In another case, a comprehensive cancer center applied PDSA cycles to address overcrowded palliative care beds. The original average length of stay for palliative care patients was 28 days. After iterative testing and stakeholder engagement across multiple service tiers, that number fell to 10.8 days by 2018 and held at 10.1 days in 2019. Bed overcapacity dropped from 35% to 13.8% in a single year. The team used each PDSA cycle to test simplified pilots, then built a detailed business case before broader rollout.
Common Pitfalls
PDSA is conceptually simple, which can be deceptive. Research on implementation barriers reveals several recurring problems that trip teams up.

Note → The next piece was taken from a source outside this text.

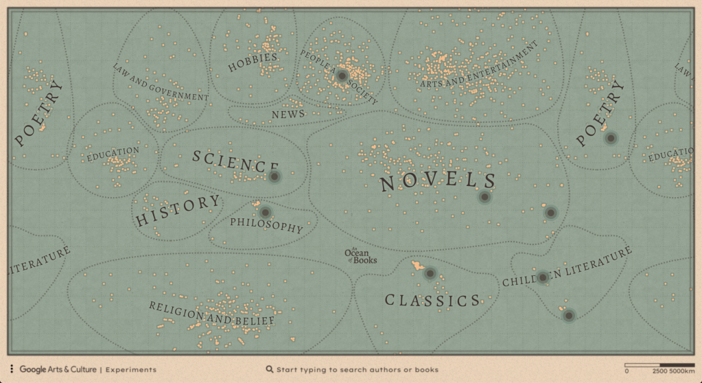 La nouvelle expérience baptisée « An Ocean of Books » nous invite à naviguer et à parcourir différents points d’une carte du monde sur le modèle de Google Earth, dans laquelle chaque île représente un auteur ou une autrice et chaque ville représente un livre. À ce jour, cette initiative propose une sélection de 113 008 auteurs/autrices et 145 162 livres, répartis sur différents « continents », qui correspondent à différents genres littéraires : les classiques, la religion & les croyances, l’histoire, la science, la poésie, l’art & le divertissement, la philosophie, l’éducation, le roman, la société ou encore la littérature jeunesse.

The most common mistake is going too big too fast. Teams sometimes try to redesign an entire process in a single cycle rather than testing one narrow change. This defeats the purpose of the method. Large-scale changes are harder to measure, harder to attribute to specific factors, and harder to reverse if they don’t work. Smaller, focused tests produce cleaner data and faster learning.
Bureaucratic friction is another frequent barrier. Healthcare organizations often require formal approval for new forms, protocols, or workflow changes. These approval processes can take weeks or months, while PDSA cycles are designed to move in days or weeks. When a team needs sign-off from multiple committees before testing a simple checklist, the pace of iteration stalls. Some organizations address this by giving quality improvement teams explicit authority to run small-scale tests without full institutional approval, reserving formal processes for the broader rollout stage.
Staff understanding is a subtler challenge. Some team members find the PDSA framework too abstract or “big picture,” making it unclear what they’re supposed to do differently on a given shift. Successful implementations tend to involve hands-on coaching and very concrete cycle goals, like “test this new handoff form with the next three patients and note any confusion.”
PDSA vs. PDCA
You may encounter the term PDCA, which stands for Plan, Do, Check, Act. This version emerged from Deming’s earlier teaching in Japan and is widely used in manufacturing and business settings. The two terms are used interchangeably in most healthcare literature, and in practice the difference is minimal. The shift from “Check” to “Study” reflects a subtle philosophical point: “Study” implies deeper analysis and learning from results, while “Check” can suggest a simpler pass/fail inspection. For practical purposes, the methodology is the same.